▸ RECORD EXTRACTS

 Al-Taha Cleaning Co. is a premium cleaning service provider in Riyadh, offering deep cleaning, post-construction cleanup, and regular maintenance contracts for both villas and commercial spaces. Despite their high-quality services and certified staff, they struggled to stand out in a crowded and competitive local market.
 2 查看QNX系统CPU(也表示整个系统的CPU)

...

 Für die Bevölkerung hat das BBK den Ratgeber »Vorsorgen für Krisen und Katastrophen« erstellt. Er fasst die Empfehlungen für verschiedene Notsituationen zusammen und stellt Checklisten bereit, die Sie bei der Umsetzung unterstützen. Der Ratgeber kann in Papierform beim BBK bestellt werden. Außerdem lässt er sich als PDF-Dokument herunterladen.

...

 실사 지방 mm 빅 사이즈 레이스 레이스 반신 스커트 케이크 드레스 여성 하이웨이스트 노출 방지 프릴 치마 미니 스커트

▸ TASK OBJECTIVE
Give only the lines from the one holding "Al-Taha Cleaning Co." through the one holding "2 查看QNX系统CPU(也表示整个系统的CPU)", each restated exactly as it appears above.

▸ RESPONSE BOX
 Al-Taha Cleaning Co. is a premium cleaning service provider in Riyadh, offering deep cleaning, post-construction cleanup, and regular maintenance contracts for both villas and commercial spaces. Despite their high-quality services and certified staff, they struggled to stand out in a crowded and competitive local market.
 2 查看QNX系统CPU(也表示整个系统的CPU)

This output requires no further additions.